Semaglutide, the drug’s proper name, was created by Danish pharmaceutical company Novo Nordisk as a treatment for Type 2 diabetes in 2012. Clinical trials began in January 2016 and were completed in May 2017. The drug is injected and works by mimicking a natural gut hormone called GLP-1, which is responsible for regulating insulin and blood sugar levels. In basic terms, the drug helps to curb hunger pangs and makes the user feel full for longer. If you don’t feel hungry, you won’t eat, and if you don’t eat, you’ll start losing weight: It’s that simple.
Many drugs start as treatments for a condition different from the one they ultimately become known for treating.
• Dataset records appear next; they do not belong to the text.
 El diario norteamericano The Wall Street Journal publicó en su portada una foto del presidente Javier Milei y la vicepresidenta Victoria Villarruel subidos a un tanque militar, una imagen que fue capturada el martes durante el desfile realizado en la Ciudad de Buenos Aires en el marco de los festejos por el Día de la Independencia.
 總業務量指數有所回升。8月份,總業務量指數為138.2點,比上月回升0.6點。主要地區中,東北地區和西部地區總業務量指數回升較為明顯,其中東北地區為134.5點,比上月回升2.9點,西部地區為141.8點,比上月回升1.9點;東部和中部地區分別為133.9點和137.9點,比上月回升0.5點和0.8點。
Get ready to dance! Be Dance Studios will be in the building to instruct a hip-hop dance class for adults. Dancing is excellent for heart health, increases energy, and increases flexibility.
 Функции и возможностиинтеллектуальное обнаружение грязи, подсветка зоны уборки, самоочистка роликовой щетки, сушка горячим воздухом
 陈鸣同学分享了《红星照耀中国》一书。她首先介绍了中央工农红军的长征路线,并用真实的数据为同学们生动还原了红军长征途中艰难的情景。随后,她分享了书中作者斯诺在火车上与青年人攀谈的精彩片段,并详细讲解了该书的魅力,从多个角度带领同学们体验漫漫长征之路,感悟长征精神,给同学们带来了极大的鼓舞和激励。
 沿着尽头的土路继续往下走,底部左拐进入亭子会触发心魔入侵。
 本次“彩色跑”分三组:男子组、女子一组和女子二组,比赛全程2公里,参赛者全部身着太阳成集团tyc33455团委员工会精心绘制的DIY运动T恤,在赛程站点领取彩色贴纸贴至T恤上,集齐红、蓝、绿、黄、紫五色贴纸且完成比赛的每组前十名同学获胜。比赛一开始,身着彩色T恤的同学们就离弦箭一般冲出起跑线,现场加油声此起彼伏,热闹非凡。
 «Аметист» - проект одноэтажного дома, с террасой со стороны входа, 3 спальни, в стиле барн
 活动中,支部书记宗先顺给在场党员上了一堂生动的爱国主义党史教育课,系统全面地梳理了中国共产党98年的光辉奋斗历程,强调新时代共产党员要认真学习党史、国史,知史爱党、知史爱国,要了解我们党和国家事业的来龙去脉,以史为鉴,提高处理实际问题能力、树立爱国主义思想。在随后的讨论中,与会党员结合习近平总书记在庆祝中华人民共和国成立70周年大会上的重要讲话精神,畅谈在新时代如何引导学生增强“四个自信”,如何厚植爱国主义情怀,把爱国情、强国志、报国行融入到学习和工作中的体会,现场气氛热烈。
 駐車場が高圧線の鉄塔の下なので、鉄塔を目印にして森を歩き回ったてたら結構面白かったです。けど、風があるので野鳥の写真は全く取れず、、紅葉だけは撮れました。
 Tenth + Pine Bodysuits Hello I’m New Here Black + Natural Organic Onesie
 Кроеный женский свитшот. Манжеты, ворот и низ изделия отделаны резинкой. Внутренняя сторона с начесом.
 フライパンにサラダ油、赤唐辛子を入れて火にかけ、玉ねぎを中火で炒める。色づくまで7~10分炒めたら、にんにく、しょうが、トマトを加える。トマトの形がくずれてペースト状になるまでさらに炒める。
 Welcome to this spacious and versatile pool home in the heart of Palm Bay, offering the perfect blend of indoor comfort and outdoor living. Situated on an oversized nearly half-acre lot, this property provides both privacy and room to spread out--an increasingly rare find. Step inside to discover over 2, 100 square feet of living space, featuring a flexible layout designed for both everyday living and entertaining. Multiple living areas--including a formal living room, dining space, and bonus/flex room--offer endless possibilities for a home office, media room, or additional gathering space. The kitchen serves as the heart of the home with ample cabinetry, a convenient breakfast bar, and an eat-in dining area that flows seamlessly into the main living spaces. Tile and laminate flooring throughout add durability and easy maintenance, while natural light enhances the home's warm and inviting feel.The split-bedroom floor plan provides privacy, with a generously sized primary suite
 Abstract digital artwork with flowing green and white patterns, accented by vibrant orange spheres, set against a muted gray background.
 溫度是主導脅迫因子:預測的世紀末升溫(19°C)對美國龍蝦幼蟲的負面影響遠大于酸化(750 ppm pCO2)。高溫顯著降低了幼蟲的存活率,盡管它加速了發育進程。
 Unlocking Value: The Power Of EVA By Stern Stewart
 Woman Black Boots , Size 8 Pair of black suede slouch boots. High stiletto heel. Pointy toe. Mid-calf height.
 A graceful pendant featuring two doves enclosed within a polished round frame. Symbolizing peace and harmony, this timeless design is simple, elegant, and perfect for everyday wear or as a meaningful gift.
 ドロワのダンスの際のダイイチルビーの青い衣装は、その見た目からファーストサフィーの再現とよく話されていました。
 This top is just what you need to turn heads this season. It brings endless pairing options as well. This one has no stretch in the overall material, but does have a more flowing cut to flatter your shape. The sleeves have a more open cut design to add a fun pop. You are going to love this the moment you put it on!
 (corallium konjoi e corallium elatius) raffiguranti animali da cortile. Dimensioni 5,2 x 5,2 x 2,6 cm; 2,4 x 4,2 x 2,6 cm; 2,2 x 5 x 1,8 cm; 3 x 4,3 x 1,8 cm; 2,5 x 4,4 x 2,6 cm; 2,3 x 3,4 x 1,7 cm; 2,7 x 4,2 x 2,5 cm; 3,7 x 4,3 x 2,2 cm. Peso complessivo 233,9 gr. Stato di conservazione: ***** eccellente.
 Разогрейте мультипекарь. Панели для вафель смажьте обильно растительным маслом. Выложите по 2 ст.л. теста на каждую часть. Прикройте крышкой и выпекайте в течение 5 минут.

Viagra was a blood-pressure medication before users reported that it had a surprising and, in many cases, not unwelcome side effect.
Semaglutide was first approved for use as a diabetes treatment under the Ozempic brand, not long after clinical trials came to an end, and then later approved as Wegovy, a higher-dose treatment for obesity in the United States, the UK, and the European Union.
The buzz about semaglutide and its fat-busting effects had been building for some time before Musk’s tweet. By 2020, it was already the 129th most commonly prescribed medication in the United States, with more than 4 million prescriptions. After a shortage of Wegovy in the United States, doctors began prescribing Ozempic off-label as a fat-loss treatment.
Shortages of Ozempic have also been reported in Australia, where new prescription guidelines had to be issued to prioritize the diabetes patients for whom the drug was originally developed. These failures to meet the growing demand for semaglutide led Novo Nordisk’s competitor Eli Lilly to state that it was working “around the clock” to make sure there was an adequate supply of its drug tirzepatide, which functions similarly.
In the first nine months of 2022, Novo Nordisk reported a 59 percent growth in sales of Ozempic and Wegovy. Social media, especially TikTok, are now awash with videos about semaglutide and its miraculous effects. The tag “#ozempic” has hundreds of millions of views on TikTok alone. Given all of this attention and positive coverage, it’s perhaps no wonder that semaglutide is already being hailed as the “solution” to obesity.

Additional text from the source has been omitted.